→ Task to carry out
Would you retype the entries from the first line to the line bearing "Французька складова палітурка", both included, leaving out every picture?
___ Recorded information
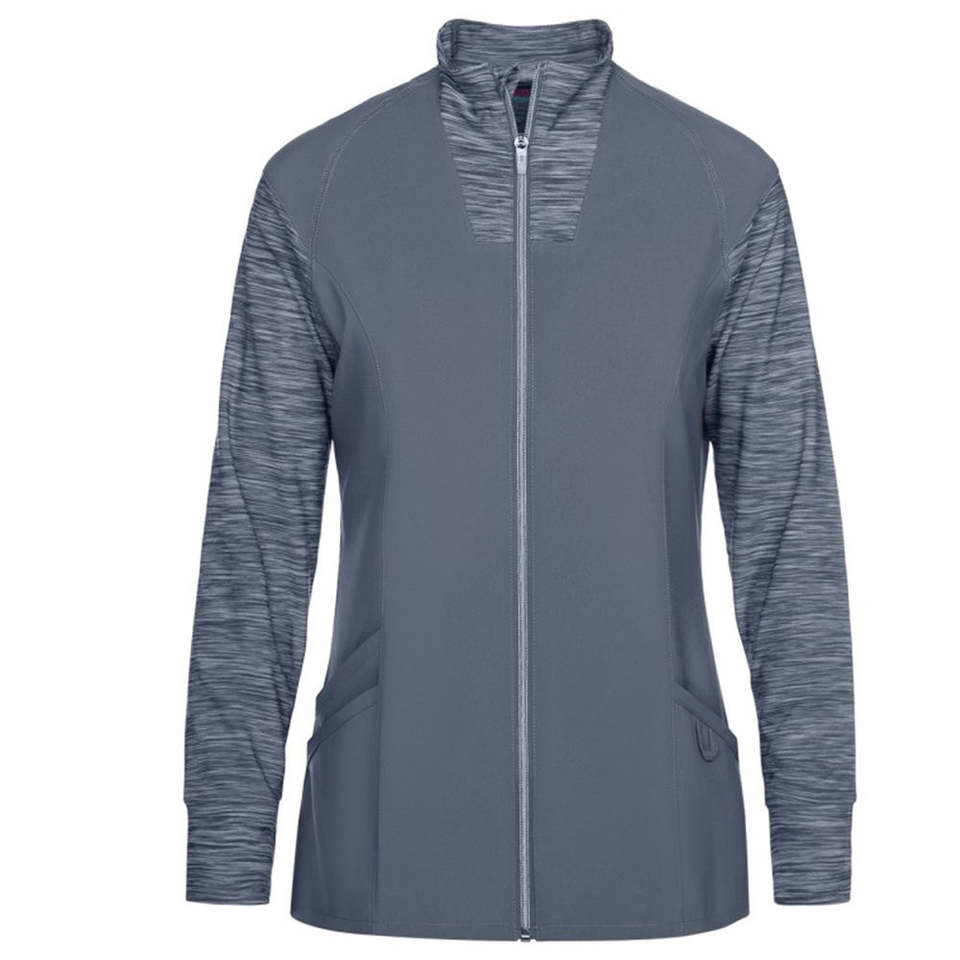 เสื้อแจ็คเก็ตแบบมีซิปสำหรับผู้หญิง ออกแบบมาเพื่อเจ้าหน้าที่ด้านการดูแลสุขภาพ ให้สวมใส่ง่าย ผ้าทนทาน และลุคมืออาชีพที่สะอาดตา
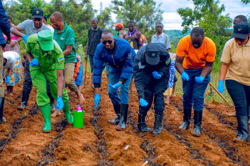Umunyamabanga Nshingwabikorwa w’Akarere Bwana INGABIRE Benoit, yifatanyije n’abahinzi muri iki gikorwa agaragaza ko ubuhinzi bukorwa mu buryo bugezweho ari bwo bufasha kongera umusaruro no guteza imbere imibereho myiza n’iterambere by’abaturage.
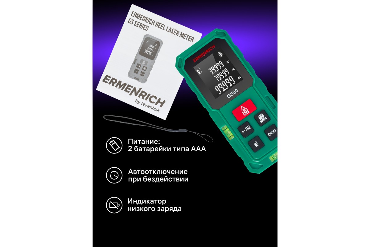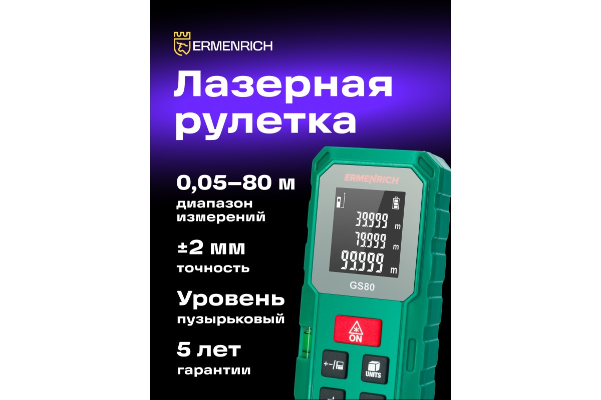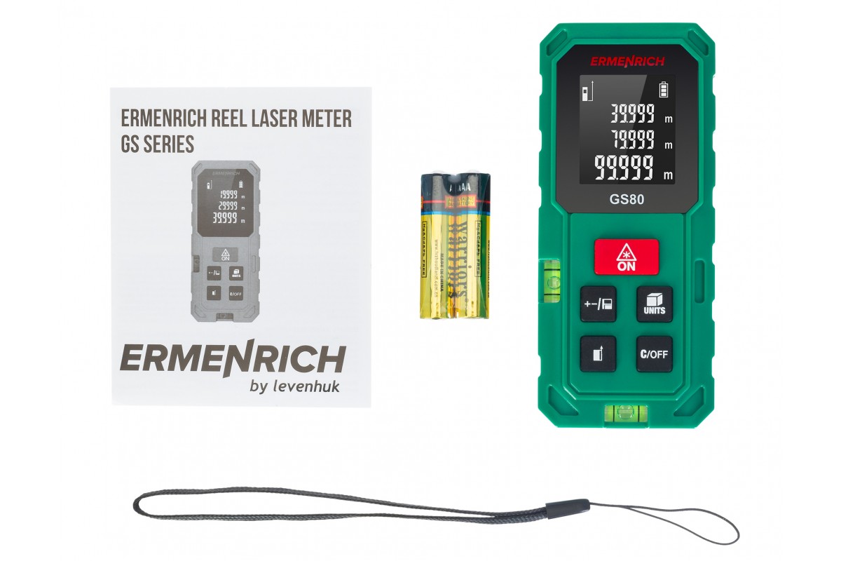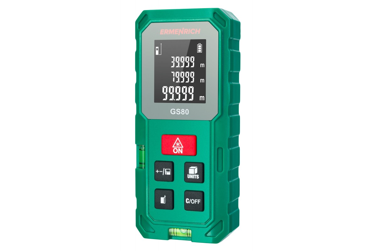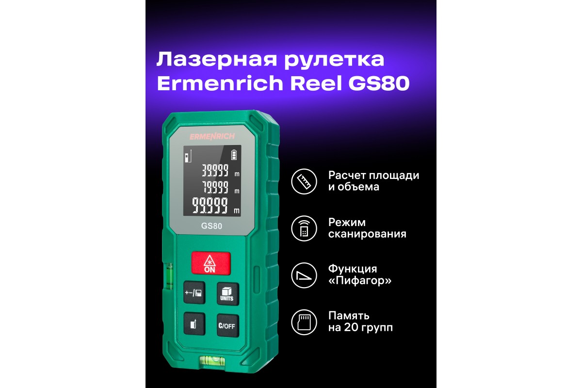 Ermenrich Reel PLUS GS80 – лазерная рулетка для измерения расстояний, определения объема и площади. Инструмент отлично послужит во время ремонта или строительства, пригодится также для межевого и маркшейдерского дела или в решении бытовых задач. Диапазон измерений – от 0,05 до 80 метров. В случае, когда необходимо измерить расстояния в сложных условиях, например, при наличии препятствий или выступов на пути лазера, поможет функция «Пифагор» – достаточно сделать несколько промежуточных замеров, и рулетка вычислит нужное расстояние.
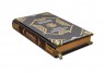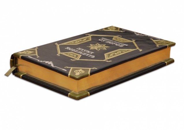 Французька складова палітурка ручної роботи виконана з комбінації натуральних шкір (шкіра «Robbat nero», шкіра «Robbat verde» виробництва італійської шкіряної фабрики «Carisma»). Обкладинка книги оформлена комбінацією рельєфного золотого та срібного тиснення з використанням фольги «Luxor 240». Обріз блоку вручну полірований та позолочений сусальним золотом.
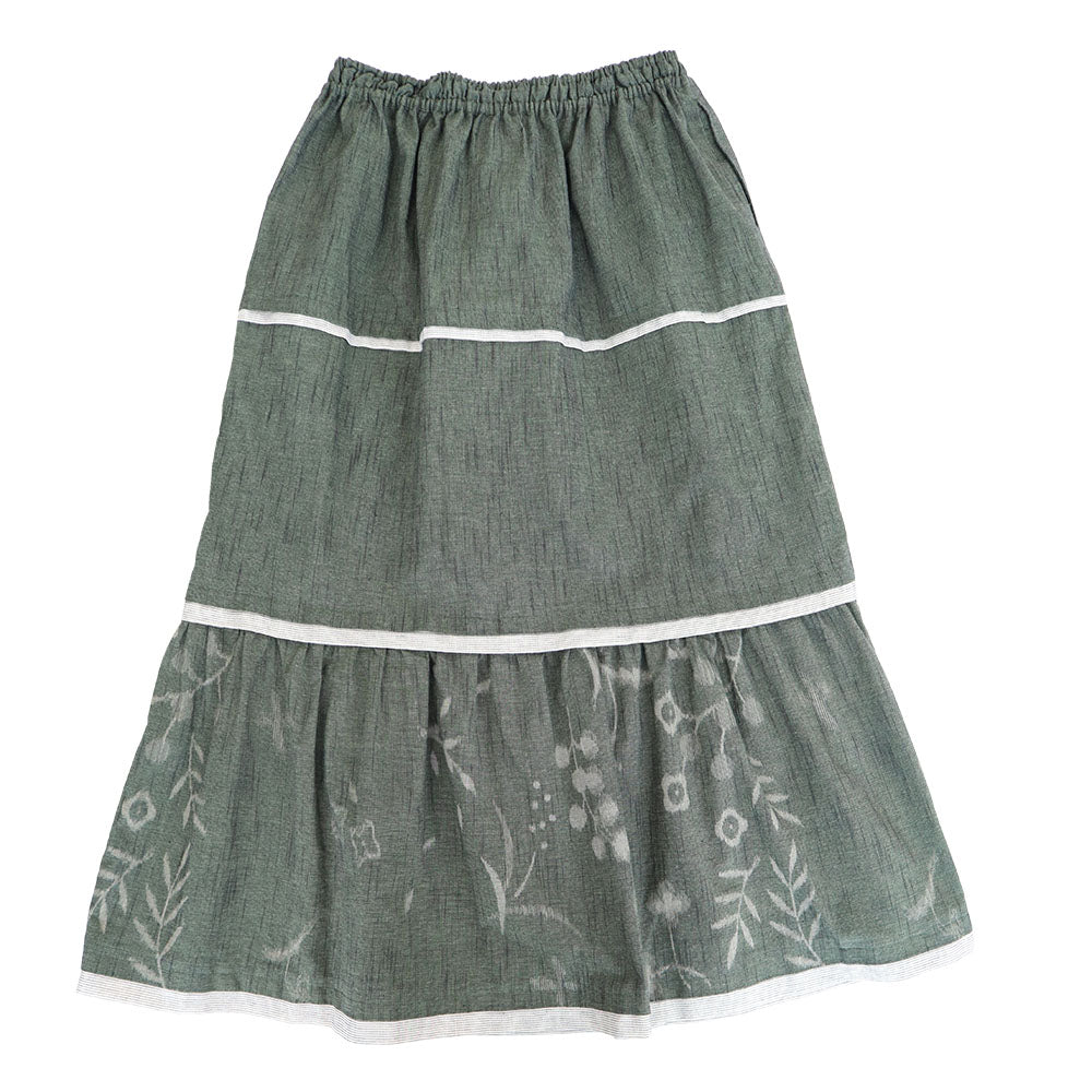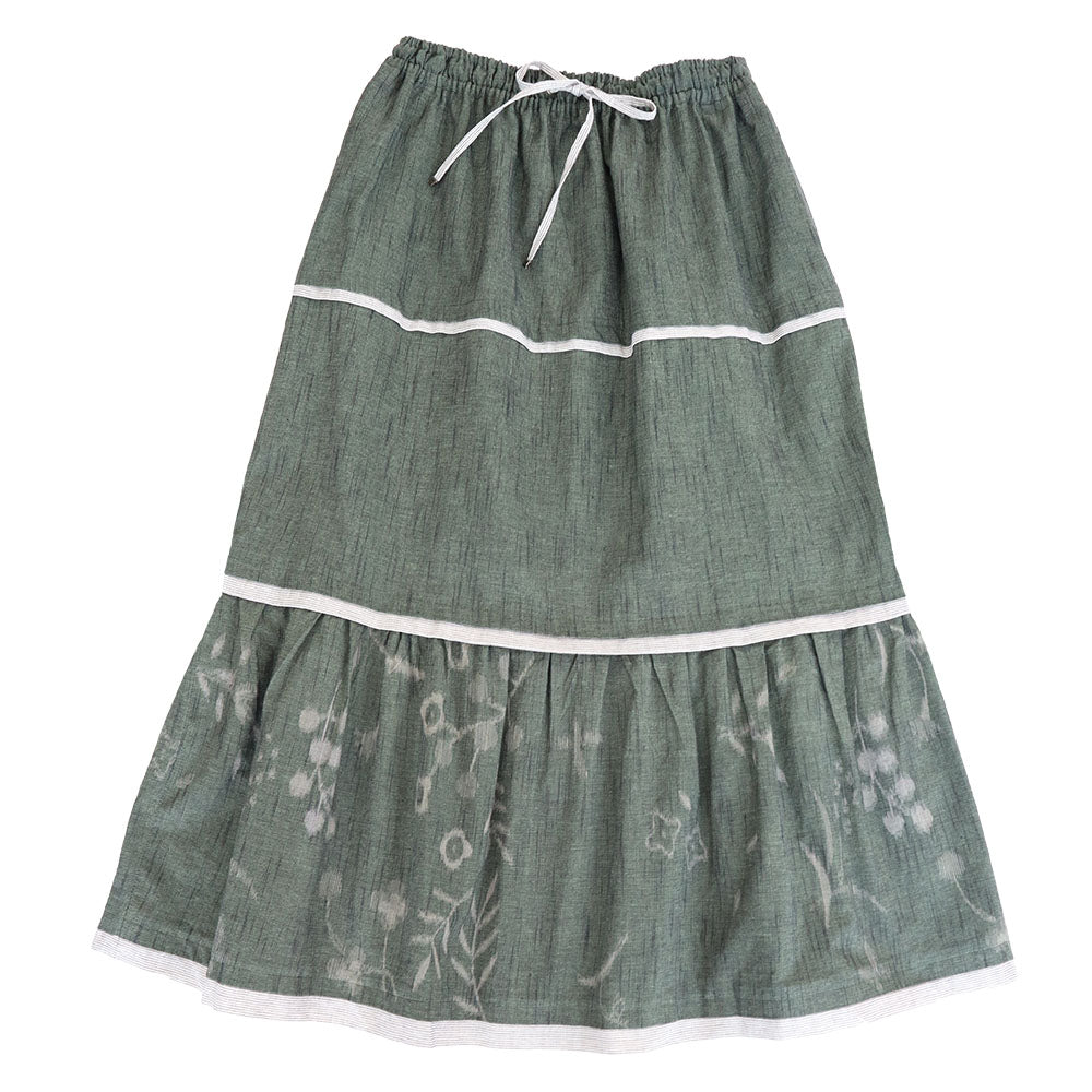 這是一條長層疊裙。純色 x 花卉圖案,以條紋為重點。
______
→ Expected output
 เสื้อแจ็คเก็ตแบบมีซิปสำหรับผู้หญิง ออกแบบมาเพื่อเจ้าหน้าที่ด้านการดูแลสุขภาพ ให้สวมใส่ง่าย ผ้าทนทาน และลุคมืออาชีพที่สะอาดตา
Umunyamabanga Nshingwabikorwa w’Akarere Bwana INGABIRE Benoit, yifatanyije n’abahinzi muri iki gikorwa agaragaza ko ubuhinzi bukorwa mu buryo bugezweho ari bwo bufasha kongera umusaruro no guteza imbere imibereho myiza n’iterambere by’abaturage.
 Ermenrich Reel PLUS GS80 – лазерная рулетка для измерения расстояний, определения объема и площади. Инструмент отлично послужит во время ремонта или строительства, пригодится также для межевого и маркшейдерского дела или в решении бытовых задач. Диапазон измерений – от 0,05 до 80 метров. В случае, когда необходимо измерить расстояния в сложных условиях, например, при наличии препятствий или выступов на пути лазера, поможет функция «Пифагор» – достаточно сделать несколько промежуточных замеров, и рулетка вычислит нужное расстояние.
 Французька складова палітурка ручної роботи виконана з комбінації натуральних шкір (шкіра «Robbat nero», шкіра «Robbat verde» виробництва італійської шкіряної фабрики «Carisma»). Обкладинка книги оформлена комбінацією рельєфного золотого та срібного тиснення з використанням фольги «Luxor 240». Обріз блоку вручну полірований та позолочений сусальним золотом.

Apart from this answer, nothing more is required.